Settlement Commission and Budget 2011


Obviously, given its potency, this body has indeed been a very useful tool in the hands of successive Finance Ministers to settle political scores. In 2007, the Settlement Commission, thanks to an application made by a prominent South Indian politician, was virtually defanged by the then FM. The mutual hatred between the two is too well known to warrant repetition here.


Subsequently, Budget 2010 once again sought to revive the Settlement Commission albeit in a limited fashion by seeking to include only “cases” where the proceedings are pending for assessment before an assessing officer on the date on which an application is made. Some experts believe this amendment was aimed at bailing out Hasan Ali who is reported to have tax dues exceeding Rs 50,000 crores. However, care was taken to exempt reassessment or re-computation cases under the Income-Tax Act from the ambit of the Settlement Cases. Similarly, monetary limits were placed for the tax payable or amount to be disclosed before the Commission. Obviously, it is not yet a free for all with the Settlement Commission.
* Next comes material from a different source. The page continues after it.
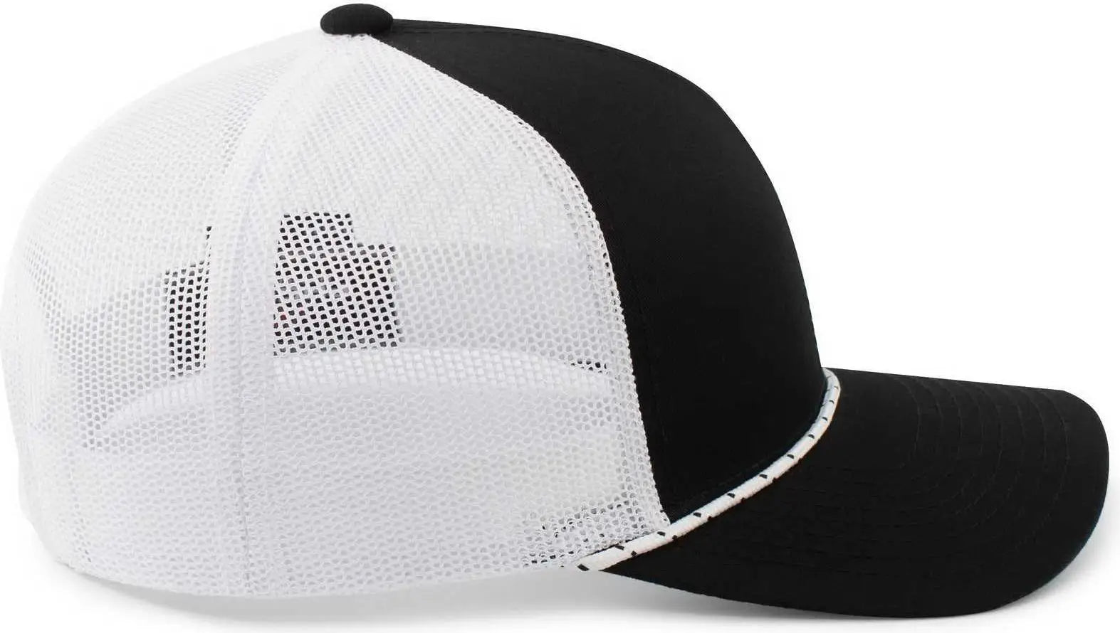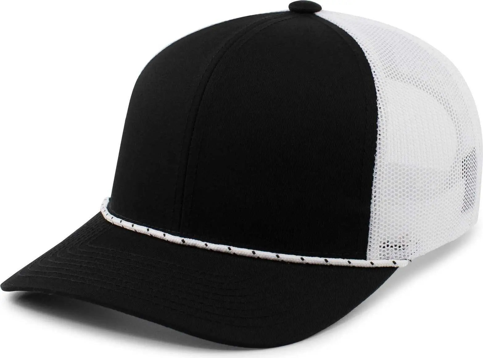 Pacific Headwear 104BR Trucker Snapback Braid Cap - Black White Black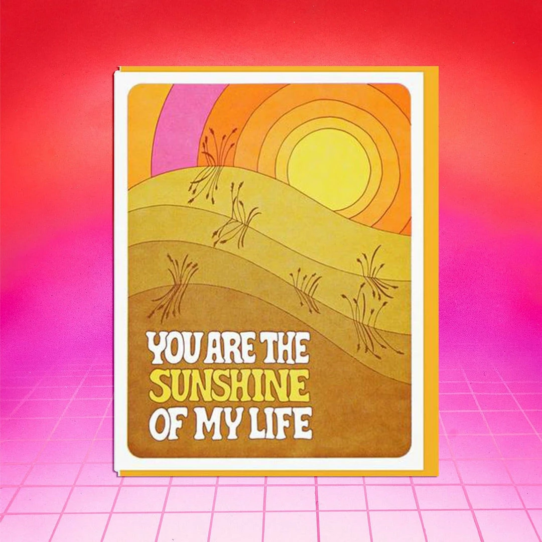 Add a little analog romance in this digital world. Serving up major 70s vibe, this illustrated designed from Lucky Horse Press. Front of card has rolling hills and a warm sunset. Text in bottom left reads “You are the sunshine of my life.”

Given this paradigm, it is reported that the members of the Settlement Commission have met the Hon’ble FM seeking enhanced powers for the Commission. More cases for settlement would definitely mean more perks and power for the Commission. Experts in the know suggest that Budget 2011 will further dilute the provisions of the Settlement Commission. Consequently, more cases can be referred to it and settled by it. Crucially, experts believe that it would be a VDIS (say with a 45% tax levy) couched as enhancement of powers of the Settlement Commission. And that may in all probability include funds parked outside with immunity from penalty under FEMA for a limited period!


And that would at once provide a leeway for all and sundry to come to the Settlement Commission and settle their cases. Interestingly, the Commission does not provide immunity from prosecution under any other laws, including the Prevention of Corruption Act (PCA). Never mind - one way out of this tangle would be to declare the ill-gotten wealth in the name of one’s spouse. And that would ensure a perfect escape route under most statutes.


Welcome to the Sovereign Republic of India where one can first loot the nation and subsequently orchestrate an amendment to the statute to legalize one’s loot.